Мандолина капитана Корелли
Шрифт:
Нам нужны лидеры, не подверженные ограниченности, лидеры, которые не идут на поводу у рабочего класса, а помогают ему сформировать верные устремления. С правильными лидерами нет нужды подтягивать рабочих до уровня интеллигентов, потому что от них требуется лишь довериться, поверить в лидеров, которые обеспечат прочную организацию, а та сохранит целостность и полноту научного понимания конкретных превалирующих условий.
Знаю, что некоторые из вас выражали недовольство тем фактом, что мы не выносим решения на демократическое голосование, но вам необходимо понять, что так много реваншистов, рецидивистов, шовинистов, реакционных сил ополчилось на нас, что оставаться засекреченным –
И еще одно. Любому, у кого есть хоть какие-то мозги, ясно, что руководство – функциональная специализация и поэтому оно неизбежно предполагает централизацию. Поэтому перестаньте стонать, что мы недостаточно воюем с немцами, и хватит ныть, что приходится воевать с ЭДЕС и ЭККА. Центральное руководство точно знает, что делает. Оно видит целостную картину, тогда как мы видим только крохотный ее кусочек, и вот поэтому мы абсолютно не должны болтаться, действуя по собственной инициативе; может быть, существует более крупный замысел, который мы спутаем, если заделаемся оппортунистами. Оппортунизм означает отсутствие определенных и твердых принципов. Среди революционеров должно быть полное, товарищеское и обоюдное доверие; в решающей борьбе мы должны непоколебимо стоять рядом. И если вы собираетесь и дальше выражать недовольство противодействием реакционным фашиствующим так называемым партизанам из ЭДЕС, позвольте мне напомнить вам, что худой мир не лучше доброй ссоры. Они утверждают, что воюют с тем же врагом, что и мы, но ослабляют нас, забирая новобранцев, которые должны были прийти к нам, и прививая им ложное осознание подлинной природы всемирно-исторической борьбы. Наш абсолютный исторический долг – избавиться от них, потому что партия, очищая себя, всегда становится сильнее.
Это означает, что мы должны постоянно сохранять солидарность и железную дисциплину, и вот почему решение руководства о том, что любой уклоняющийся заслуживает смертного приговора, согласуется со строжайшими требованиями справедливости. А поскольку я здесь являюсь представителем этого руководства, всё сводится к единственному требованию – вы должны подчиняться мне, не задавая вопросов. В этот исторический момент нет места для всяких сомневающихся, примкнувших и для ложной гуманности. Мы должны видеть перед собой только одну цель, потому что заниматься чем-то другим означает предать не только Грецию и рабочий класс, но и саму Историю. Есть вопросы?

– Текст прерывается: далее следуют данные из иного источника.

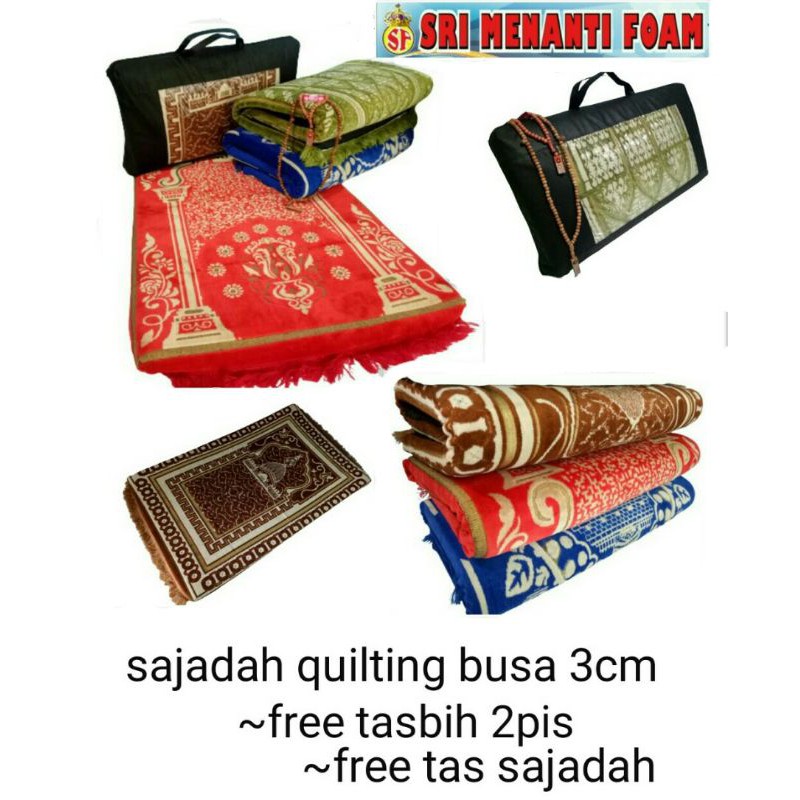 #BONUS TASBIH 2PIS..(99)DAN (33)#BONUS TAS SEJADAH JADI ENAK KLAU MAU DI BAWA KE MANA MANA TERLIHAT ELEGAN.sajadah lapis busa.anti slip ketebalan busa 3cm jadi sangat nyaman untuk ibadah..apa lagi untuk orang tua..yg mungkin lutut ada rasa sakit..ini solusinya..jadi sangat pas..sekali.untuk motif kita sesuai gambar di slide atas merah,ijo,coklat dan biru.#sajadah#perlengkapansholat#sajadahbusa#sajadah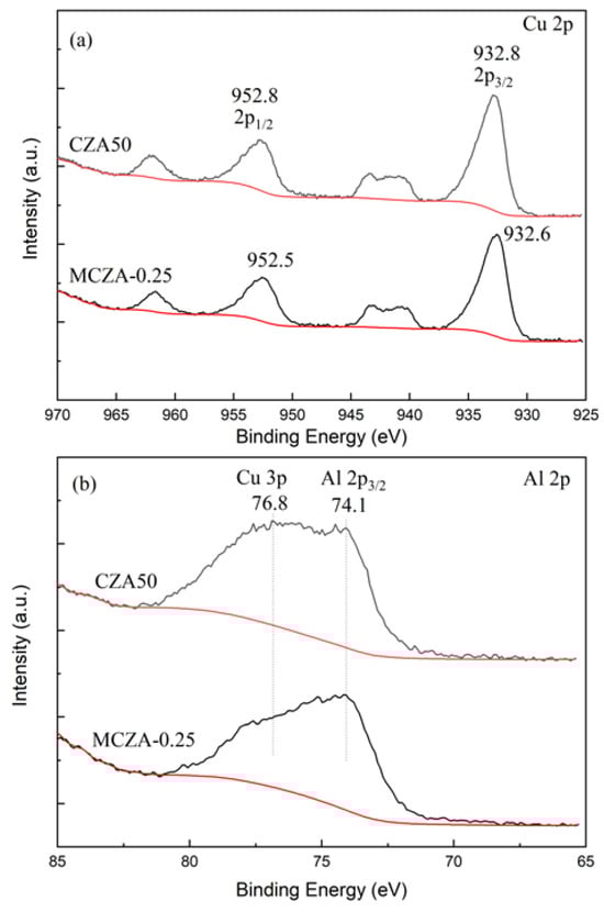 The Cu 2p XPS spectra have four characteristic peaks, as depicted in Figure 5a. The characteristic peak at 952.8 eV can be attributed to the electron binding energy of Cu 2p1/2 level. The characteristic peak at 937.5–946.8 eV is the satellite peak of Cu 2p, and the characteristic peak at 932.8 eV can be attributed to the electron binding energy of Cu 2p3/2 level. As shown in Figure 5b, the binding energy peak at 72.5~76.4 eV in the XPS spectrum belongs to Al 2p3/2. The XPS surface composition analysis results are listed in Table 2. MCZA-0.25 has lower surface Cu and Al content than CZA50, indicating that Cu is embedded in γ-Al2O3 particles and Al is dispersed in ZnO. Additionally, the surface Cu to Zn ratio of CZA50 is closer to 5:3 than that of MCZA-0.25, suggesting a better dispersion.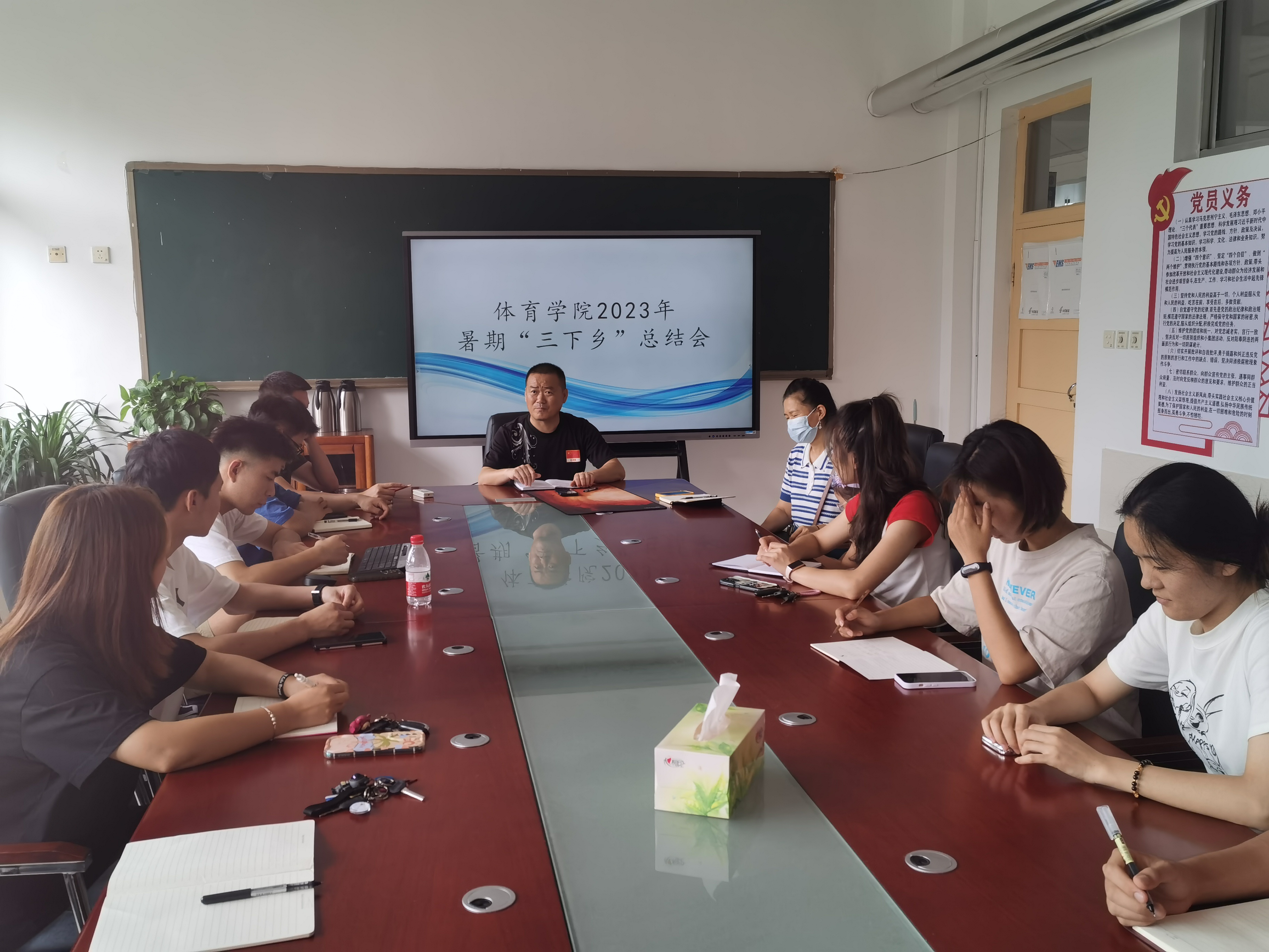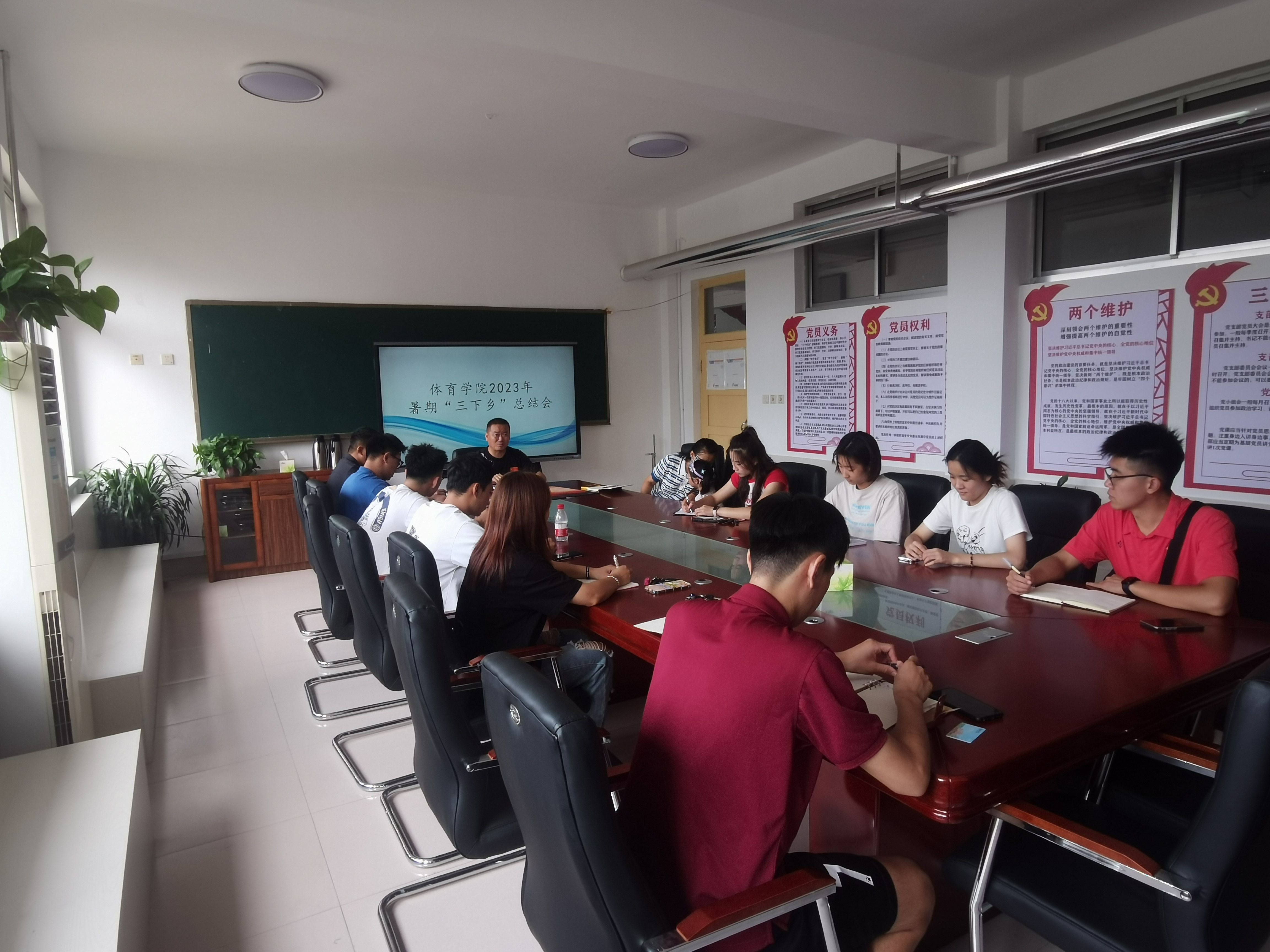 为深入学习贯彻党的二十大精神,回顾总结暑期“三下乡”社会实践活动,进一步完善“三下乡”社会实践后续工作。8月26日,体育学院2023年暑假“三下乡”总结大会在体育学院 T206会议室举行,体育学院团总支(学工办)书记(主任)卢永波老师主持此次会议,2020级辅导员庄伟老师、2021级辅导员高欢老师、2022级辅导员孙圣林老师以及第二十二届团总支学生会主席团成员参加会议。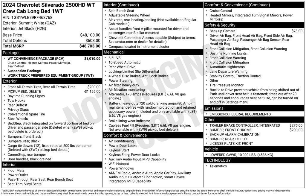 Jim Ellis Chevrolet is excited to offer this hard-working 2024 Chevrolet Silverado 2500HD Work Truck in Summit White Beautifully equipped with Preferred Equipment Group 1WT (170 Amp Alternator, 3.5 Diagonal Monochromatic Display DIC, Black Front Bumper, Black Mirror Caps, Black Rear Bumper, Bluetooth® For Phone, Chevrolet Connected Access Capable, Compass, HD Rear Vision Camera, High-Visibility Vertical Trailering Mirrors, Locking Tailgate, Manual Tailgate Function w/No EZ Lift, Manual Tilt-Wheel Steering Column, OnStar & Chevrolet Connected Services Capable, Power Door Locks, Power Front Windows w/Driver Express Up/Down, Power Rear Windows w/Express Down, Push Button Start, Rear 60/40 Folding Bench Seat (Folds Up), Remote Keyless Entry, Rubberized-Vinyl Floor Covering, Solar Absorbing Tinted Glass, Standard Tailgate, Wi-Fi Hotspot Capable, and Wireless Phone Projection), Suspension Package, WT Convenience Package (Deep-Tinted Glass, Electric Rear-Window Defogger, Electronic Cruise Control w/Set & Resume Speed, EZ Lift Power Lock & Release Tailgate, and Heated Vertical Trailering Mirrors), 10-Speed Automatic, Jet Black Vinyl, 3.73 Rear Axle Ratio, 4-Wheel Disc Brakes, 6 Speakers, 6-Speaker Audio System, 720 Cold-Cranking Amps Heavy-Duty Battery, ABS brakes, Air Conditioning, AM/FM radio, Apple CarPlay/Android Auto, Auto High-beam Headlights, Brake assist, Chrome Front Bumper, Delay-off headlights, Driver door bin, Dual front impact airbags, Dual front side impact airbags, Durabed Pickup Bed, Electronic Stability Control, Front 40/20/40 Split-Bench Seats w/Lockable Storage, Front anti-roll bar, Front Center Armrest w/Storage, Front License Plate Kit, Front reading lights, Front wheel independent suspension, Fully automatic headlights, Illuminated entry, Integrated Trailer Brake Controller, Low tire pressure warning, Occupant sensing airbag, Outside temperature display, Overhead airbag, Overhead console, Panic alarm, Passenger door bin, Passenger vanity mirror, Power steering, Power windows, Premium audio system: Chevrolet Infotainment 3, Radio: Chevrolet Infotainment 3 System, Rear reading lights, Rear step bumper, Remote keyless entry, Split folding rear seat, Tachometer, Tilt steering wheel, Traction control, Trip computer, Variably intermittent wipers, Vinyl Seat Trim, Voltmeter, and Wheels: 17 Silver Painted Steel! 10-Speed Automatic, Jet Black Vinyl.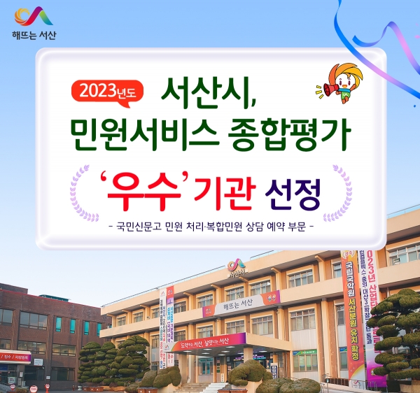 서산시, 2023년도 민원서비스 종합평가 ‘우수’기관 선정
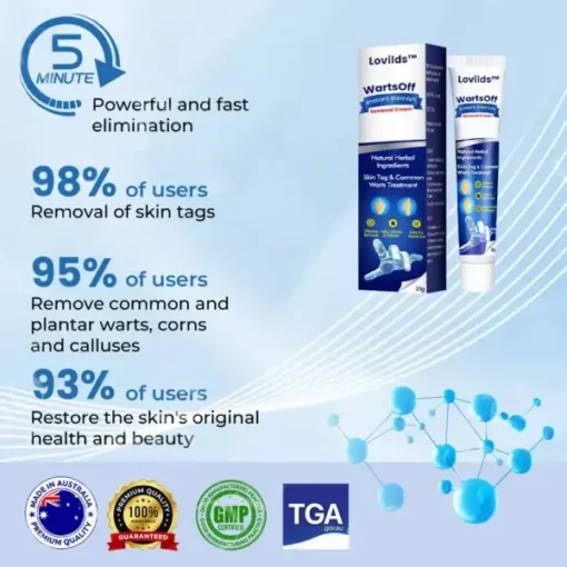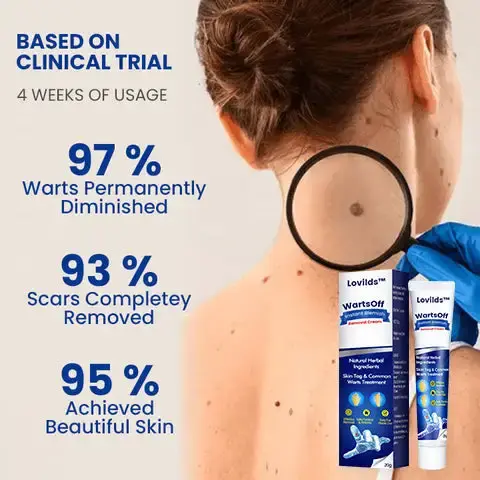 Lovilds™ WartsOff Instant Blemish Removal Cream quickly removes skin tags, moles, and dark spots, leaving smooth, clear skin without scars.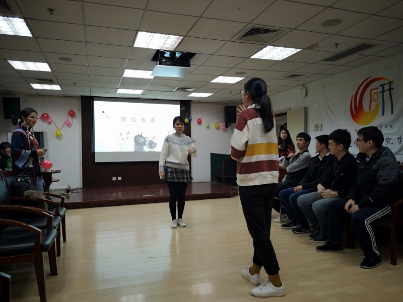 结束了第一阶段的表演后,游戏环节开始了。多位同学积极参加了“你划我猜”的游戏,游戏分为五组,同学们根据一些网络流行语、历史名词等进行了比划和猜,现场气氛热烈,同学们通过游戏加深了了解,深化了友谊。
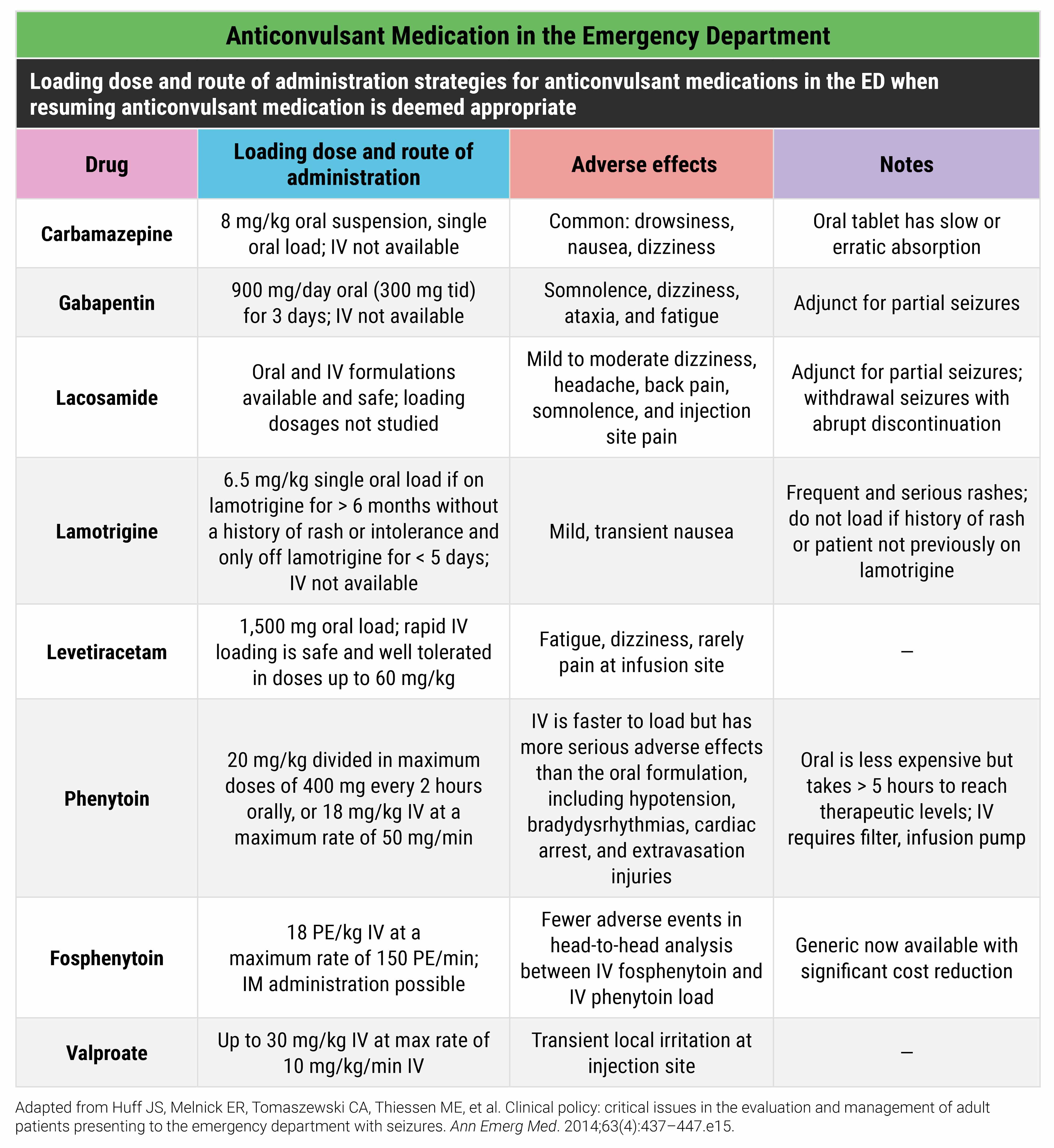 Treatment of patients with seizures should include airway monitoring and protection from injuries related to seizures. The patient should be placed in the lateral decubitus position to reduce aspiration risk. Benzodiazepines are recommended as first-line medications. Second-line therapies include valproic acid, phenytoin, fosphenytoin, and levetiracetam.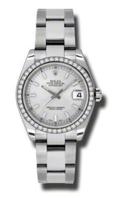 Model: 178384-SLIO - CASE = [Material:Stainless Steel], [Case Diameter:31], [Bezel:46 Diamonds set on 18K White Gold Domed], [Case Back:Solid], [Water Resistant:100 Meters - 330 Feet], [Crystal:Scratch Resistant Sapphire], DIAL = [Color:Date at 3, Index Hour Markers on Silver], MOVEMENT = [Type:Self Winding Swiss Chronometer], [Crown:Screw Down], BAND = [Clasp:Oysterclasp], [Type:Oyster], (Usually ships in 2 to 4 business days.)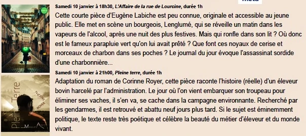 - Adaptation de Pleine Terre à Saint Félix de Lauragais le samedi 10 janvier 2026 à partir de 18h30 Adaptation du roman de Corinne Royer, cette pièce raconte l'histoire (réelle) d'un éleveur bovin harcelé par l'administration. Le jour où l'on vient embarquer son troupeau pour éliminer ses vaches, il s'en va, se cache dans la campagne environnante. Recherché par les gendarmes, il est retrouvé abattu neuf jours plus tard. Si le sujet est éminemment politique, le texte reste très poétique et célèbre la beauté du métier d'éleveur et du mode vivant.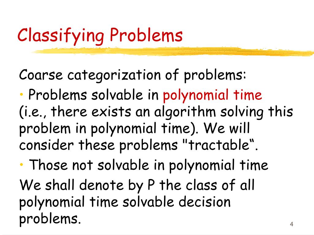 Classifying Problems Coarse categorization of problems: • Problems solvable in polynomial time (i.e., there exists an algorithm solving this problem in polynomial time). We will consider these problems "tractable“. • Those not solvable in polynomial time We shall denote by P the class of all polynomial time solvable decision problems.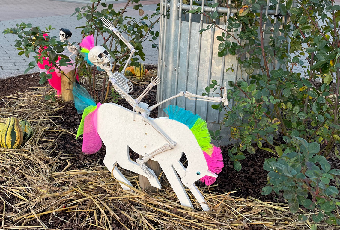 För mig har ni gått över gränsen, jag är inte emot pynt i rondell. Ett skelett för mig betyder död eller likaså döskalle med ett par benknotor något som är extremt giftigt. Beklagligt med tanke på covid och människor som blivit drabbade. Jag med familj bojkottar centrum i Vaggeryd och handlar på annan ort så länge detta så kallade pynt är där. Jag uppmuntrar även andra att göra det samma. Mjo

Мандрас почтительно поднял руку.
– Я не понял всего, товарищ Гектор, но хочу сказать, что ты можешь рассчитывать на меня.
Когда-нибудь он сможет сам прочитать эту книгу Гектора. Он будет держать ее в руках так, словно у нее страницы из чистого золота. Ночью он поцелует обложку и будет спать, подложив книгу под голову, как будто ее непостижимая мудрость сможет просочиться по сосудам в его мозги. Когда-нибудь он станет интеллигентом, и ни доктор, ни Пелагия не смогут ничего сказать против этого. Он представил себя школьным учителем: все называют его «даскале» [124] и жадно прислушиваются к его мнению в кофейне. Он вообразил себя мэром Ликзури.
124
Учитель (греч.).
Мандрас никогда не
А тем вечером один из венизелистов, собравшийся рискнуть жизнью, перебежав к ЭДЕС, подошел к нему, когда стемнело, сочувственно угостил сигаретой и объяснил:
– Послушай, не нужно тебе понимать всю эту неудобоваримую тарабарщину нашего приятеля, потому что она сводится только к одному: ты должен делать только так, как говорит он, иначе он перережет тебе глотку. Вот так это просто.
Этот человек, бывший в гражданской жизни юристом, потрепал его по плечу и, уходя, загадочно проговорил:
– Жаль мне тебя.
– Почему? – вслед ему спросил Мандрас, но ответа не получил.
37. Эпизод, укрепивший убеждение Пелагии, что мужчины не понимают разницы между храбростью и отсутствием здравого смысла
За спиной прогремел мощный голос, и капитан Корелли, поглощенный чтением памфлета, чуть не умер от испуга.
– Ищущие души моей для разрушения ее да снизойдут в глубины подземные, и падут от меча, и станут пропитанием лисиц, и да направит Господь в них стрелу свою, и пронзит их внезапная рана!
Корелли подскочил и оказался лицом к лицу с патриаршей бородой и пылающим взором смотревшего на него через стену отца Арсения, который в последнее время взял в привычку пугать ничего не подозревающих итальянских солдат посредством громоподобных импровизаций на греческие библейские тексты. Оба уставились друг на друга: Корелли – держась рукой за сердце, Арсений – размахивая самодельным епископским посохом.
– Калиспера, патир, – сказал Корелли, чье понимание греческого этикета совершенствовалось. На что Арсений сплюнул в пыль и провозгласил:
– Да будет время гнева Твоего печью раскаленной для них, и поглоти их во время ярости Твоей, и да пожрет их пламя! Истреби все плоды их от земли данные, и семя их от детей рода мужского, оттого что замыслили они умысел злобный, коий сотворить не достанет сил у них!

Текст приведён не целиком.